Carolina is one of our original ewes.  We did not breed her last year, which explains her thick, rather unkempt fleece.  In our experience, ewes that do not lamb often do not shed their fleece that year.  When Carolina does cast her fleece this spring, it should be quite a spectacle.

080322pregnantewes-020a.jpg

Next comes one of our British ewes, Catalaya, lying in the barren wasteland that is our young lamb playground.  We long ago despaired of keeping grass in this area, what with all those little rambunctious hooves racing around pounding it to pulp.  We are hopeful that Catalaya is carrying twins, but we know better than to count on it.

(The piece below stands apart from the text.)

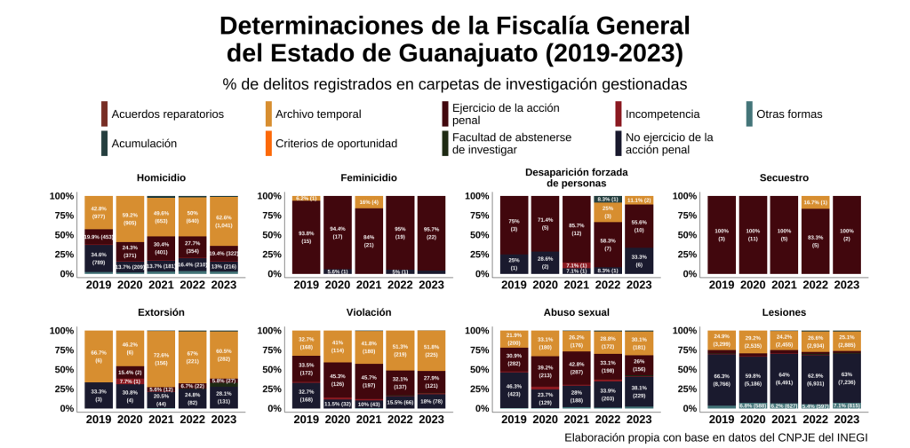 Este relevo es una oportunidad para presentar los resultados de la gestión de los últimos 15 años. En esta investigación, procesamos y analizamos información pública de los Censos Nacionales de Procuración de Justicia Estatal (CNPJE) y la Encuesta Nacional de Victimización y Percepción sobre Seguridad Pública (ENVIPE), ambas del Instituto Nacional de Estadística y Geografía (INEGI), así como los datos del Secretariado Ejecutivo del Sistema Nacional de Seguridad Pública (SESNSP), para ofrecer un panorama completo de la gestión de la fiscalía, haciendo particular énfasis en las principales fallas y las deficiencias. Los homicidios son solo una parte de los múltiples problemas de impunidad y falta de justicia que enfrentan las y los guanajuatenses; por eso, es necesario poner un acento en las deficiencias que, sin importar la persona que sea elegida, deben atenderse.

080322pregnantewes-027a.jpg

Portia gave us black twins last year.  This year we bred her to our one-of-a-kind tan ram Fenugreek, he of the gorgeous fleece.  We can hardly wait to see what their offspring look(s) like.

080322pregnantewes-018a.jpg

I cannot resist sharing a picture of Holly, a nearly-polled, beautiful ewe we bred for the first time this year.  She is so regal when she moves through our pastures –check out her other pictures on the OFP Gallery – that it is hard to believe this big lumpy thing is really our lovely Holly.

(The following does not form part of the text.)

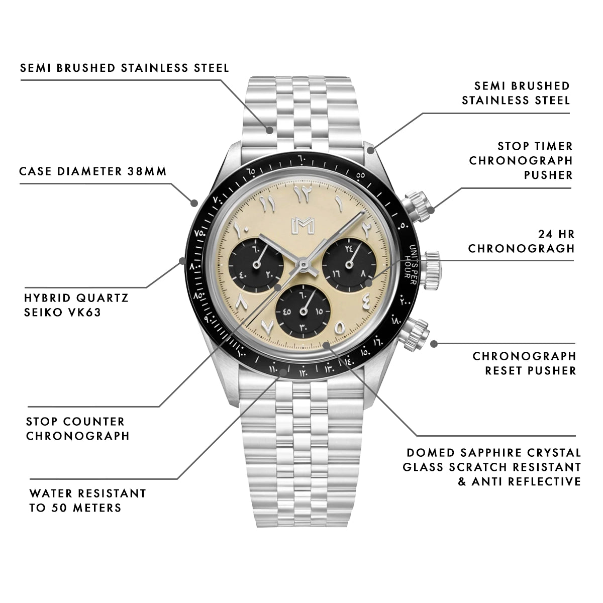 Our watches are crafted from premium stainless steel with sapphire crystal glass for scratch resistance and durability.

080322pregnantewes-045a.jpg
 

Finally, pictorial evidence that pregnant Soay ewes are a tranquil lot who will lower your human blood pressure if you spend a little time wandering quietly among them in the week or two before they lamb.  I took this last picture in the late afternoon, shortly before the second hay feeding of the day, when all was peaceful here at Saltmarsh Ranch.  I know our British ewe Sequoia is up there on the left because I recognize her white-spotted face, but I did not want to disturb the matrons’ sleep by getting close enough to confirm who the other three are, especially the one facing away from me.

080322pregnantewes-059a.jpg

Whether or not I have convinced you that pre-lambing is a special time on the Soay calendar, at least taking the photos for this post kept me from going crazy yesterday waiting for our lambs to start arriving.